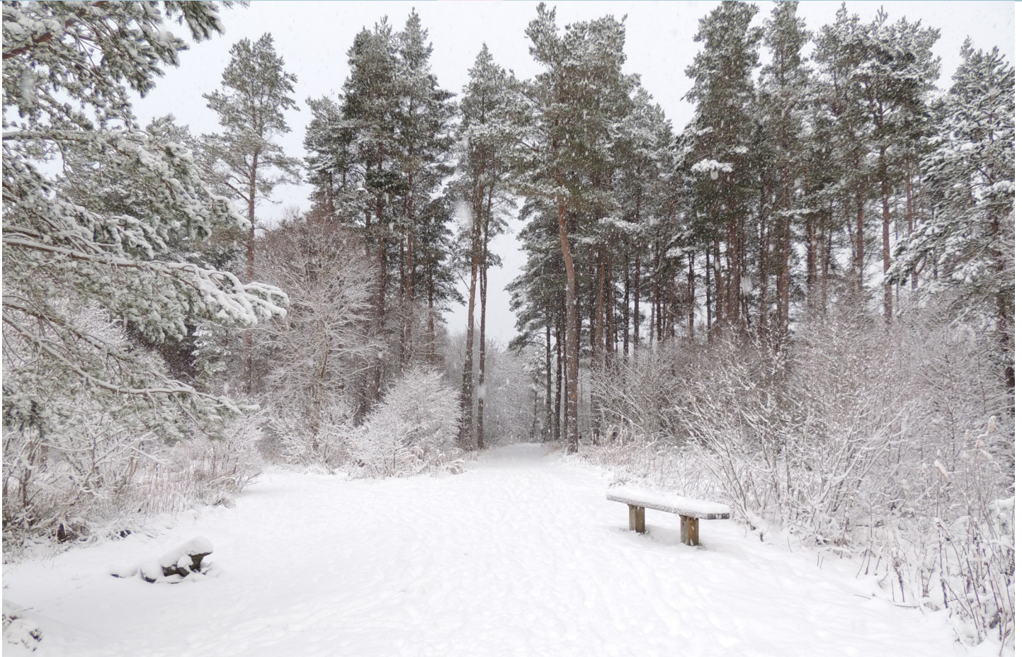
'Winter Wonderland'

==

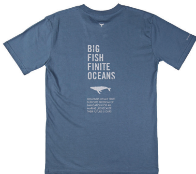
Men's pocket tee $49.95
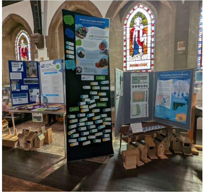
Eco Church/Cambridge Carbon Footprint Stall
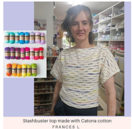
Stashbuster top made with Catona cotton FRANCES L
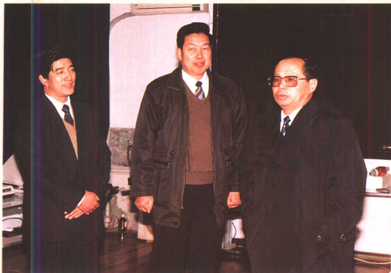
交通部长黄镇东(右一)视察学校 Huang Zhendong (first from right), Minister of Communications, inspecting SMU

Problem
Exactly the lines above, from the one containing "Eco Church/Cambridge Carbon Footprint Stall" down to the one containing "交通部长黄镇东(右一)视察学校 Huang Zhendong", are to be repeated, including both ends. Pictures are not part of the copy.

Exercise solution
Eco Church/Cambridge Carbon Footprint Stall
Stashbuster top made with Catona cotton FRANCES L
交通部长黄镇东(右一)视察学校 Huang Zhendong (first from right), Minister of Communications, inspecting SMU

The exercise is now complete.